GIVEN DATA:
_ _ _

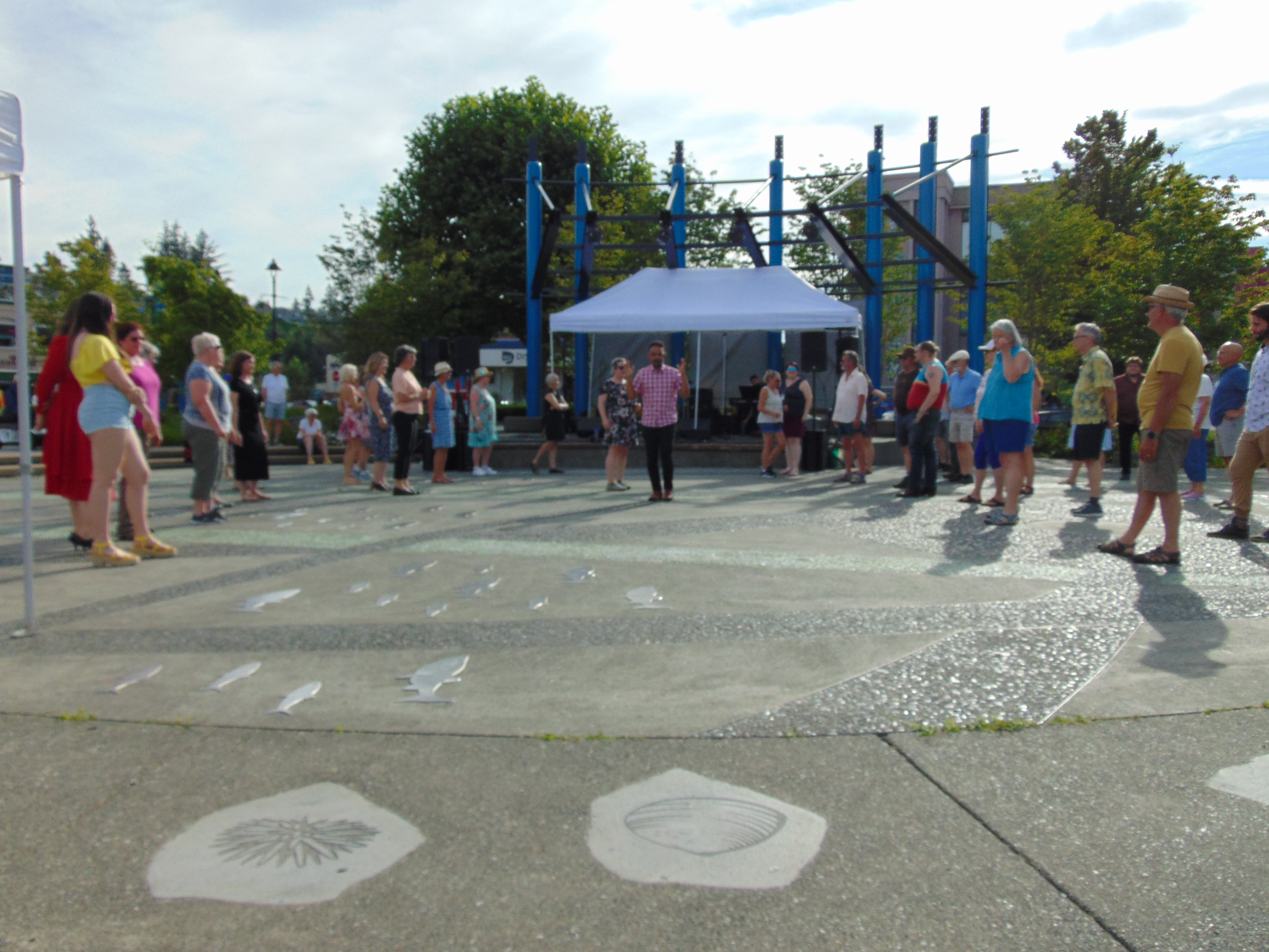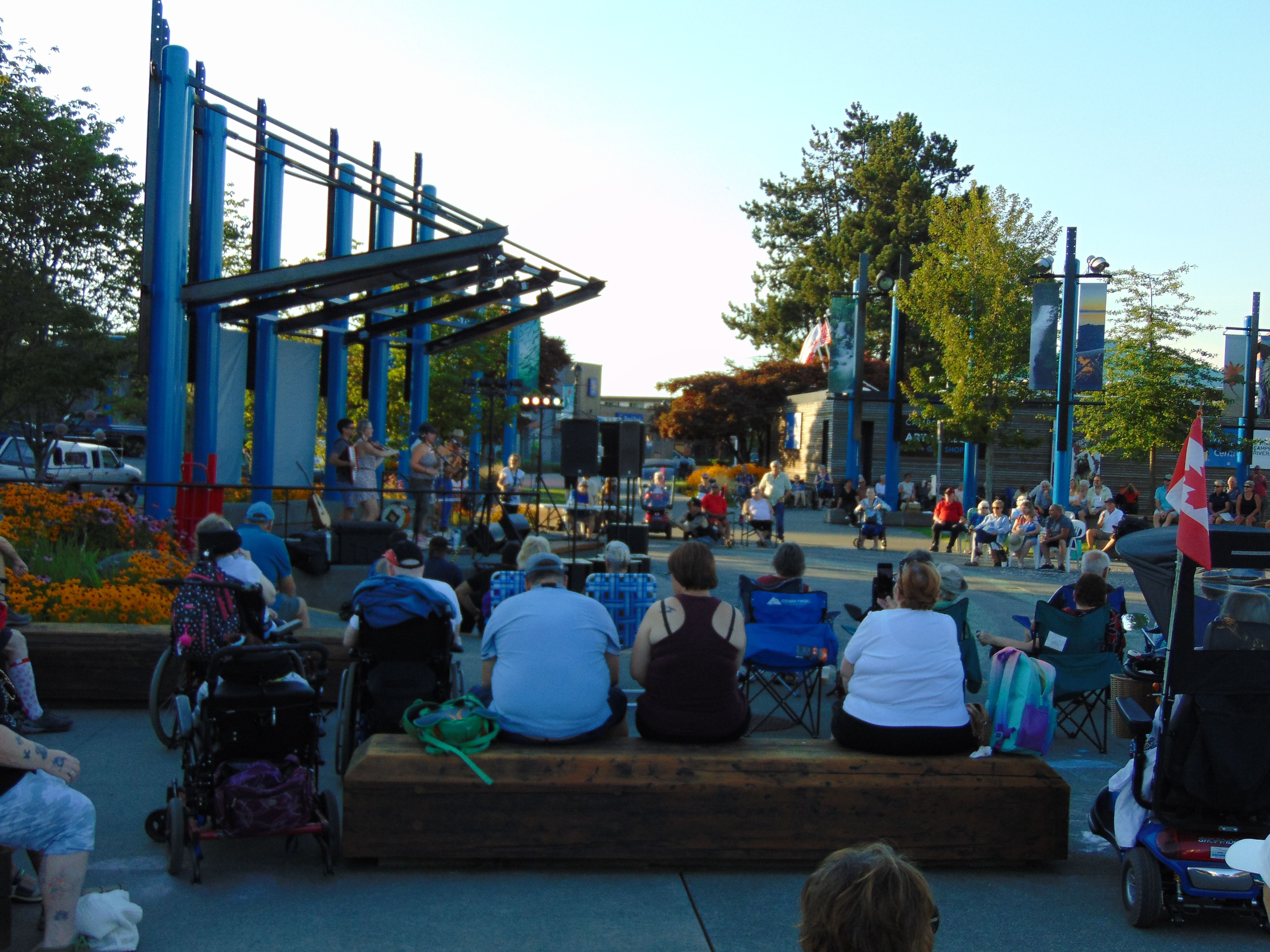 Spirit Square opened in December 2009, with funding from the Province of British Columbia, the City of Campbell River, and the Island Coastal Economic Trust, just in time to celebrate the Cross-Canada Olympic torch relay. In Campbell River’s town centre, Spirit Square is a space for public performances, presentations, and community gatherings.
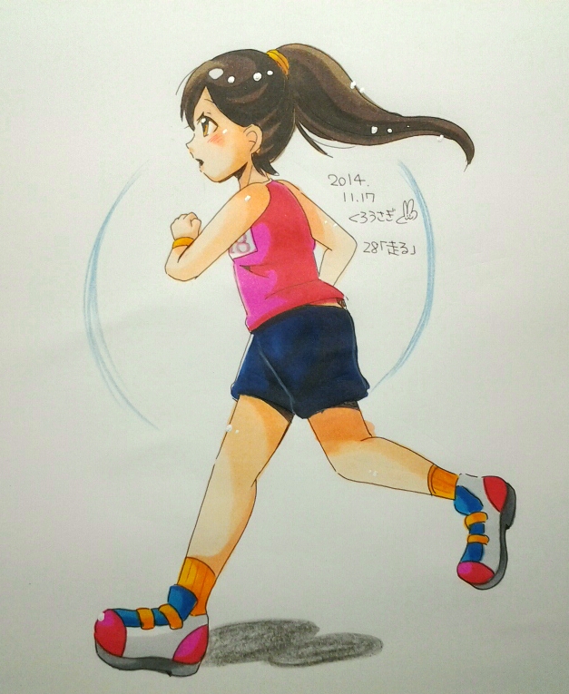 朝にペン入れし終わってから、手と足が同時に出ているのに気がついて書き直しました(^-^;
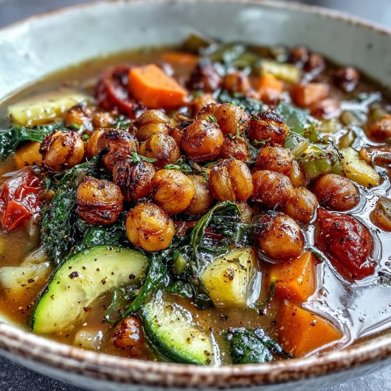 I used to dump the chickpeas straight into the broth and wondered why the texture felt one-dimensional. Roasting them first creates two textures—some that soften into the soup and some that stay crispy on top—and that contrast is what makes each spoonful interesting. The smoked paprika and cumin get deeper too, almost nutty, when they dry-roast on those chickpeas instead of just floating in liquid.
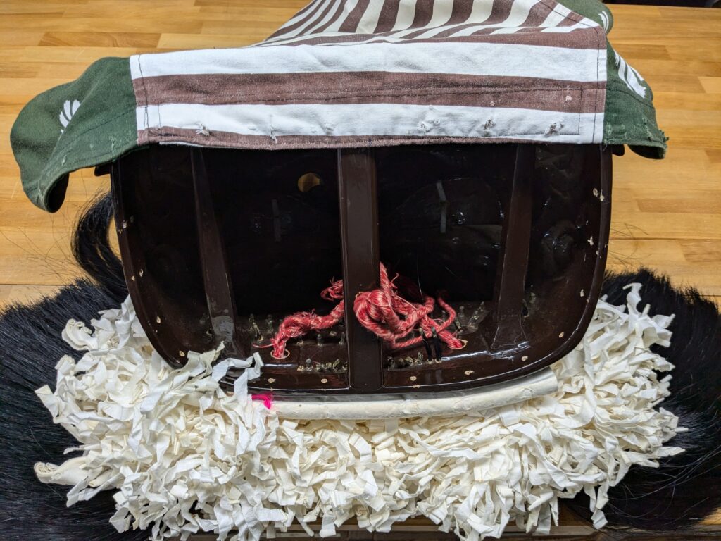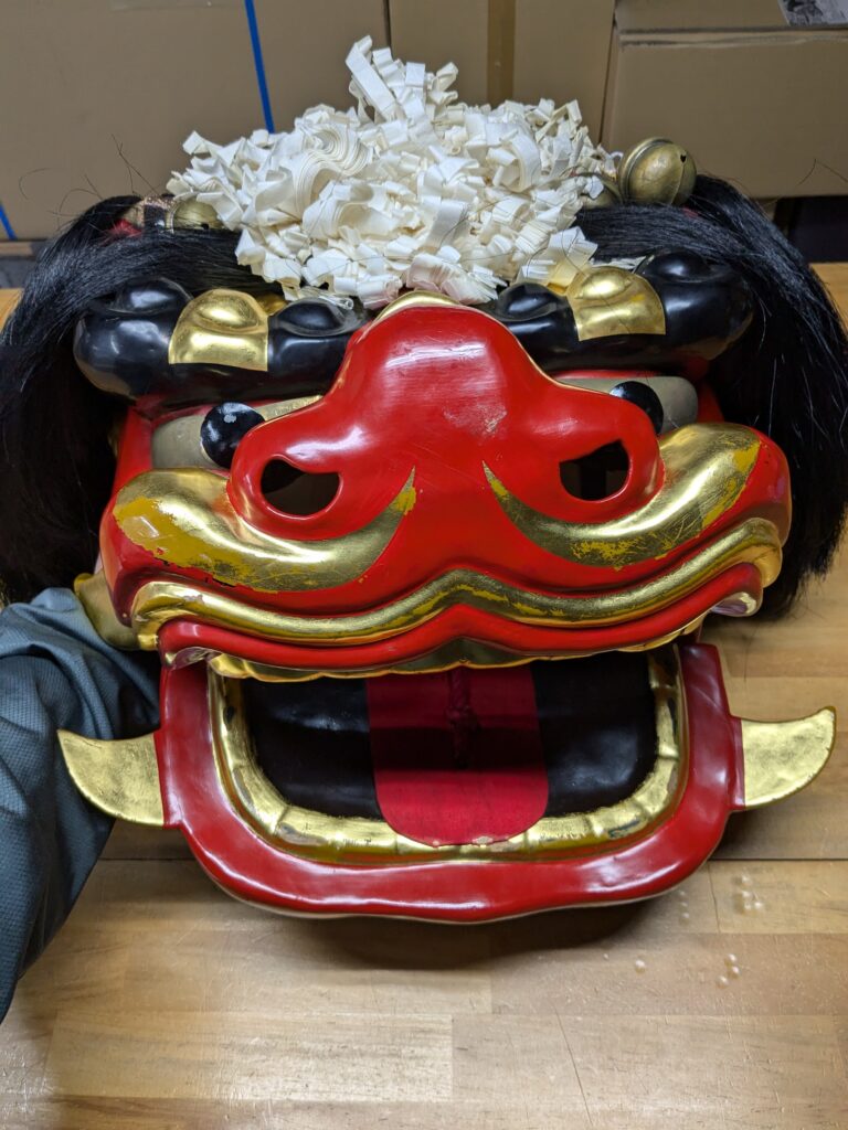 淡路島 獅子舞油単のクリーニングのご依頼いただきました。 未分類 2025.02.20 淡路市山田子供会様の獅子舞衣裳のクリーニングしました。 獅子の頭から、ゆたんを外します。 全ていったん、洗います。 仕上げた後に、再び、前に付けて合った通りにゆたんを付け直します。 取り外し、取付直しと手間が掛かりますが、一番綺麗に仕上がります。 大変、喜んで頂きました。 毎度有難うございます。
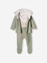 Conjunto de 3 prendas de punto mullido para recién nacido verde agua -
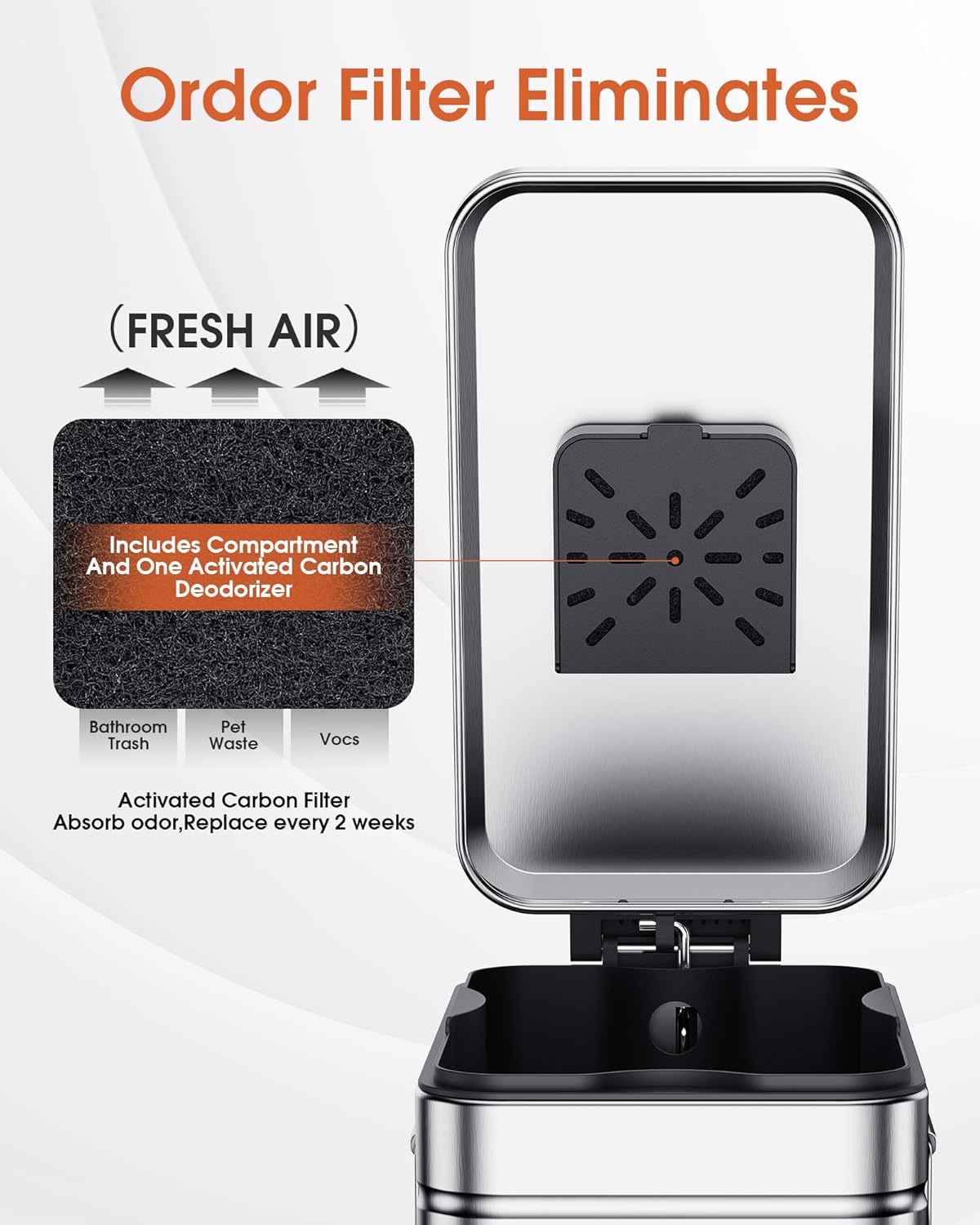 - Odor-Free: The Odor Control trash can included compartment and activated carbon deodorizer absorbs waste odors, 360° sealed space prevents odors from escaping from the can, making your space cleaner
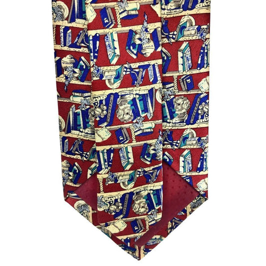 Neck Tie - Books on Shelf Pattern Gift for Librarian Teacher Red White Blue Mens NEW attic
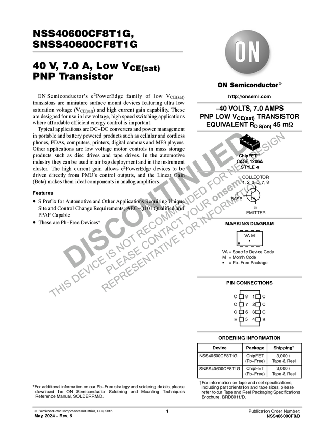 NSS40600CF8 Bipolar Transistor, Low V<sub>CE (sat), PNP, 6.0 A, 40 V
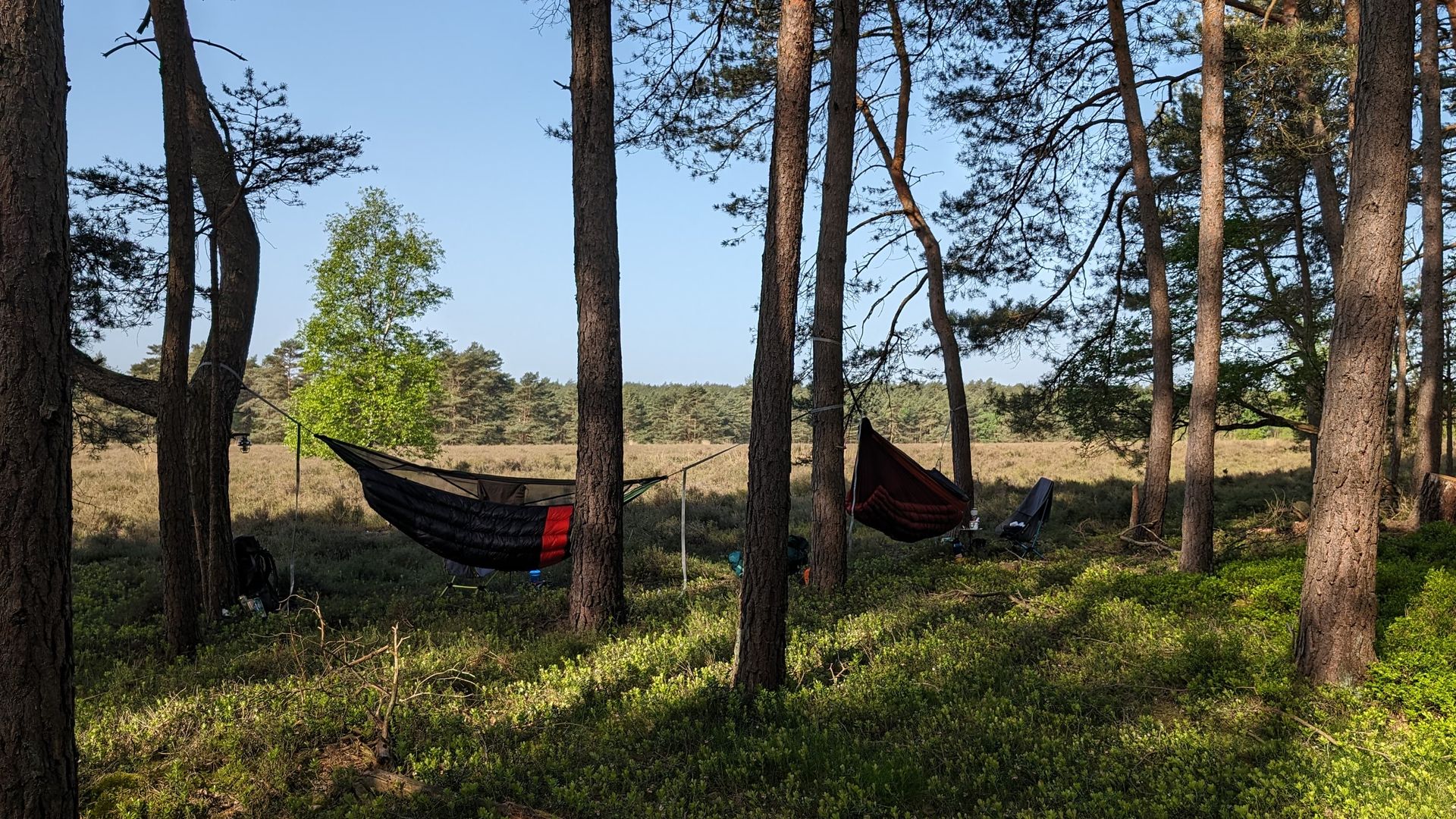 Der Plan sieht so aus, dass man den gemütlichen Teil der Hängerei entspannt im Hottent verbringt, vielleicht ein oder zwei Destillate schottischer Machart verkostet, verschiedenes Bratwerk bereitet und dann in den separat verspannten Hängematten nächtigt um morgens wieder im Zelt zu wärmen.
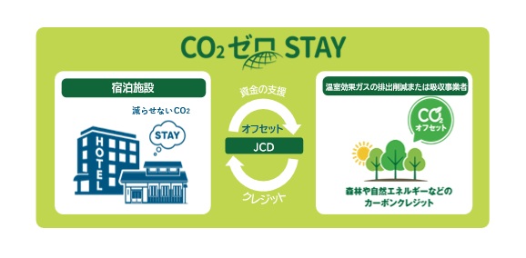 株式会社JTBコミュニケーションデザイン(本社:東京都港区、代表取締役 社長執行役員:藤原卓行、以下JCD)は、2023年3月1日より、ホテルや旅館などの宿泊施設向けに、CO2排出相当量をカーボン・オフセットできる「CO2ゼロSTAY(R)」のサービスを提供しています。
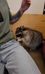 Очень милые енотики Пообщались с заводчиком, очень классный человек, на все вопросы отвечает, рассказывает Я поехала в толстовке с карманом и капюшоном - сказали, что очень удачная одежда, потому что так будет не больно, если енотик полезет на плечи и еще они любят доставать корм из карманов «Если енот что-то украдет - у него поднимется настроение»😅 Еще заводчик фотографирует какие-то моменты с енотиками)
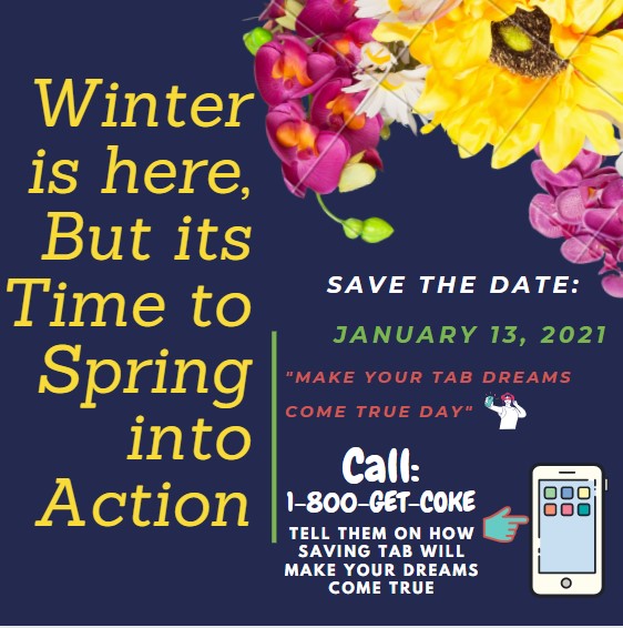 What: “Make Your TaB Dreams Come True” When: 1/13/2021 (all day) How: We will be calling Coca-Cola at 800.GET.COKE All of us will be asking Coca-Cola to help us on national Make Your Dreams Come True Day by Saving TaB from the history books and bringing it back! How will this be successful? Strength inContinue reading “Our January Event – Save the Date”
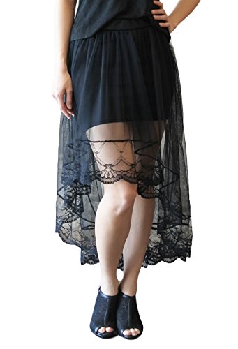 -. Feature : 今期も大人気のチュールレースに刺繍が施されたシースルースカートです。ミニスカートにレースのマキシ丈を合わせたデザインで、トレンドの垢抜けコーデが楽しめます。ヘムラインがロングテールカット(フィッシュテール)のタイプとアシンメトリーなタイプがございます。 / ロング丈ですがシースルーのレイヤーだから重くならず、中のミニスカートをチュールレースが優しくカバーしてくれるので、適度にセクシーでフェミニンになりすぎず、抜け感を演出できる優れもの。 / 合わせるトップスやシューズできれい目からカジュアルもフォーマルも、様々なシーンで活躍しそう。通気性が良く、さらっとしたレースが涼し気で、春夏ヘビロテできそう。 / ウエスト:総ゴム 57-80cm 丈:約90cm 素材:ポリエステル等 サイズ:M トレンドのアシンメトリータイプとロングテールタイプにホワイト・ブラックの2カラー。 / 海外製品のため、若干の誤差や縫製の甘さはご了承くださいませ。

_ _ _

EXERCISE AIM: Write the records out again in full, exactly, and skip every picture.

TASK OUTPUT:
 Spirit Square opened in December 2009, with funding from the Province of British Columbia, the City of Campbell River, and the Island Coastal Economic Trust, just in time to celebrate the Cross-Canada Olympic torch relay. In Campbell River’s town centre, Spirit Square is a space for public performances, presentations, and community gatherings.
 朝にペン入れし終わってから、手と足が同時に出ているのに気がついて書き直しました(^-^;
 I used to dump the chickpeas straight into the broth and wondered why the texture felt one-dimensional. Roasting them first creates two textures—some that soften into the soup and some that stay crispy on top—and that contrast is what makes each spoonful interesting. The smoked paprika and cumin get deeper too, almost nutty, when they dry-roast on those chickpeas instead of just floating in liquid.
 淡路島 獅子舞油単のクリーニングのご依頼いただきました。 未分類 2025.02.20 淡路市山田子供会様の獅子舞衣裳のクリーニングしました。 獅子の頭から、ゆたんを外します。 全ていったん、洗います。 仕上げた後に、再び、前に付けて合った通りにゆたんを付け直します。 取り外し、取付直しと手間が掛かりますが、一番綺麗に仕上がります。 大変、喜んで頂きました。 毎度有難うございます。
 Conjunto de 3 prendas de punto mullido para recién nacido verde agua -
 - Odor-Free: The Odor Control trash can included compartment and activated carbon deodorizer absorbs waste odors, 360° sealed space prevents odors from escaping from the can, making your space cleaner
 Neck Tie - Books on Shelf Pattern Gift for Librarian Teacher Red White Blue Mens NEW attic
 NSS40600CF8 Bipolar Transistor, Low V<sub>CE (sat), PNP, 6.0 A, 40 V
 Der Plan sieht so aus, dass man den gemütlichen Teil der Hängerei entspannt im Hottent verbringt, vielleicht ein oder zwei Destillate schottischer Machart verkostet, verschiedenes Bratwerk bereitet und dann in den separat verspannten Hängematten nächtigt um morgens wieder im Zelt zu wärmen.
 株式会社JTBコミュニケーションデザイン(本社:東京都港区、代表取締役 社長執行役員:藤原卓行、以下JCD)は、2023年3月1日より、ホテルや旅館などの宿泊施設向けに、CO2排出相当量をカーボン・オフセットできる「CO2ゼロSTAY(R)」のサービスを提供しています。
 Очень милые енотики Пообщались с заводчиком, очень классный человек, на все вопросы отвечает, рассказывает Я поехала в толстовке с карманом и капюшоном - сказали, что очень удачная одежда, потому что так будет не больно, если енотик полезет на плечи и еще они любят доставать корм из карманов «Если енот что-то украдет - у него поднимется настроение»😅 Еще заводчик фотографирует какие-то моменты с енотиками)
 What: “Make Your TaB Dreams Come True” When: 1/13/2021 (all day) How: We will be calling Coca-Cola at 800.GET.COKE All of us will be asking Coca-Cola to help us on national Make Your Dreams Come True Day by Saving TaB from the history books and bringing it back! How will this be successful? Strength inContinue reading “Our January Event – Save the Date”
 -. Feature : 今期も大人気のチュールレースに刺繍が施されたシースルースカートです。ミニスカートにレースのマキシ丈を合わせたデザインで、トレンドの垢抜けコーデが楽しめます。ヘムラインがロングテールカット(フィッシュテール)のタイプとアシンメトリーなタイプがございます。 / ロング丈ですがシースルーのレイヤーだから重くならず、中のミニスカートをチュールレースが優しくカバーしてくれるので、適度にセクシーでフェミニンになりすぎず、抜け感を演出できる優れもの。 / 合わせるトップスやシューズできれい目からカジュアルもフォーマルも、様々なシーンで活躍しそう。通気性が良く、さらっとしたレースが涼し気で、春夏ヘビロテできそう。 / ウエスト:総ゴム 57-80cm 丈:約90cm 素材:ポリエステル等 サイズ:M トレンドのアシンメトリータイプとロングテールタイプにホワイト・ブラックの2カラー。 / 海外製品のため、若干の誤差や縫製の甘さはご了承くださいませ。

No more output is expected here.